In Irun, the small town on the Spanish border with Spain, there has long been a border culture. During their revolutions and civil wars, residents of both countries traversed the imaginary line separating these two lands. A complex culture of smuggling developed, as in most border towns. People, goods, drugs- the rules of supply and demand are never bound by borders, however much governments might like to believe. While in Irun, I was told a story of a man who crossed and recrossed the border every day on his bicycle. The border patrol agents checked and rechecked this man, suspecting that he was transporting some contraband. Never once in the twenty years did they realize he was riding to France on an old bike and returning with a brand new model.
These sort of trickster stories, and the border culture they exhibit, have been made irrelevant by the erasure of borders in the European Union. America’s border with Mexico, though, must be creating hundreds of thousands of tricksters with the increasing militarization of la frontera and the constantly impending border wall now scheduled in Hidalgo County for July.
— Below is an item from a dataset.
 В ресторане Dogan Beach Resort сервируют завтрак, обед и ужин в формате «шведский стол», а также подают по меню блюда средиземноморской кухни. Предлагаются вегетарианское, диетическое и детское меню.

Driving out of the Rio Grande Valley on either 77 or 83, the only two evacuation routes, one encounters a military checkpoint complete with automatic weapons, drug-sniffing dogs, patrol cars, and heaps of bureaucracy. As I wait in line, my car packed to the hilt with all my earthly possessions, I contemplate that this is one of the many signs that the Rio Grande Valley is considered outside the mainlaind United States. Brownsville, the poorest city in the United States, is left below this second border in a no-man’s land, left to fend for itself. In fact, the talk of the town last week was that the United States Border Patrol was going to be checking the residency status of individuals during hurricane evacuations (Brownsville Herald) . That its citizenry must be questioned and searched before entering the rest of the continental U.S. is a stunning assumption of criminality. When it is my turn with the Border Patrol agents, I am waved along because of my white skin and American accent.
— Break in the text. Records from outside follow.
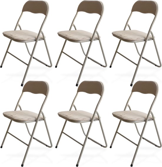 Trendy Meije Nova Chaises pliantes - Set de 6 - Chaises pliantes - Velours - Chaises de table à manger - Chaises pliantes - 80x44x47 CM - Chaises - Velours - Beige
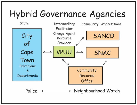 At the time of the research, the population of Monwabisi Park comprised 6900 households. The settlement is situated on 64 hectares of land comprising four parcels owned by the CoCT and the Western Cape provincial government. The Monwabisi shacks represent an estimated 5% of the informal dwellings in Cape Town [1]. As portrayed in Figure 1 above, the main role players in the hybrid land governance arrangements are two CBOs, SANCO and SNAC, the CoCT and VPUU. VPUU acts as an intermediary between the CBOs and the CoCT and provides expert support for the development planning, community-level land governance and the CRS. There are a number of other hybrid governance actors such as the South African Police Service and the Neighbourhood Watch that do not play a direct role in land tenure administration, but contribute to safety and stability.
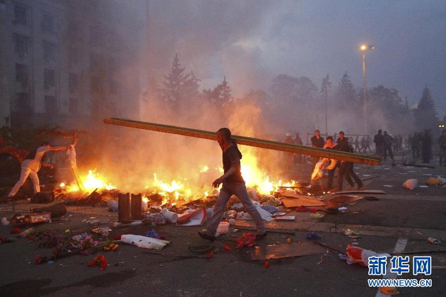 央廣網(wǎng)河南分網(wǎng)消息 據(jù)新華網(wǎng)報道:繼烏克蘭軍警5月2日凌晨對烏東部城市斯拉維揚(yáng)斯克發(fā)起攻勢后,烏南部黑海沿岸城市敖德薩同日發(fā)生親政府與反政府兩派民眾沖突,造成嚴(yán)重人員傷亡。烏克蘭東部局勢持續(xù)緊張。一名歐盟成員國駐布魯塞爾的高級外交官對新華社記者表示,他認(rèn)為,隨著烏克蘭軍方2日(向反政府武裝人員)發(fā)起攻擊,烏克蘭內(nèi)戰(zhàn)已經(jīng)打響。5月2日是烏克蘭危機(jī)發(fā)生質(zhì)變的節(jié)點(diǎn)。俄羅斯聯(lián)邦委員會國際事務(wù)委員會副主席克里莫夫認(rèn)為,在敖德薩和烏克蘭東南部發(fā)生的流血事件可以視為烏克蘭內(nèi)戰(zhàn)的序幕。圖為5月2日,在烏克蘭南部城市敖德薩,工會大樓附近的一個臨時帳篷被燒毀。烏克蘭南部黑海沿岸城市敖德薩2日發(fā)生親政府與反政府兩派民眾沖突,導(dǎo)致43人死亡。新華社發(fā)

Tacitus once wrote in his Annals, “Once we suffered from our vices; today we suffer from our laws.” Indeed, unjust laws create criminals out of upstanding individuals, and in no area of legislation is this more true than immigration. Extralegal immigrants, many of whom came to the United States legally, are punished by our current law primarily for doing precisely the actions for which we praise our citizenry. The motivation of the majority of immigrants is religious freedom, economic opportunity, family safety, education, freedom of speech, liberty – how can an antiquated quota system cause some to be punished for acting on these principles and others to be praised?
As I drive north, farther and farther away from the Rio Grande Valley I’ve called home for the past two years, I pass the fertile hills of Kansas and the wide expanses of open grazing in Oklahoma and the lush fields of Iowa. I look at these natural wonders and think of how blessed I am to live in this land, and how attractive this must be to people receiving less than 8x the income we enjoy in our prosperous nation. I look at this massive farmland and know that extralegal immigrants know this land far better than I will ever understand; without them, many of these fields would lie fallow, so many of our meals would remain uncooked, so many houses would never be built, so many ideas never imparted, so many languages never added to the multiplicity of cultures here in the United States. Driving through the natural beauty along Highway 35, it is easy to see that natural law and constructed law clash when it comes to the issue of immigration in these United States. If we will only take a good look at our country and realize just how blessed we are, we would be more understanding of people desirous of migrating here. If we would only appreciate the perspectives and culture and language and talents that immigrants always bring, we would see extralegal and legal immigrants as the assets they are. If Spanish were not viewed as a language subservient to English, then perhaps we could learn from the Spanish immigration system as well as from Mexican and Latin-American immigrants themselves. As I leave the border region where the “rights” and “wrongs” of immigration laws are as muddy as the Rio Bravo and as I head north to study immigration law at the University of Minnesota this coming fall, I realize that I will never leave the border because the border is not a place on a map but a place in people’s hearts. In telling stories about the good people of la frontera and in studying the laws of immigration, I hope to turn the borders of American hearts into E.U. borders instead of the walled border in California and Arizona.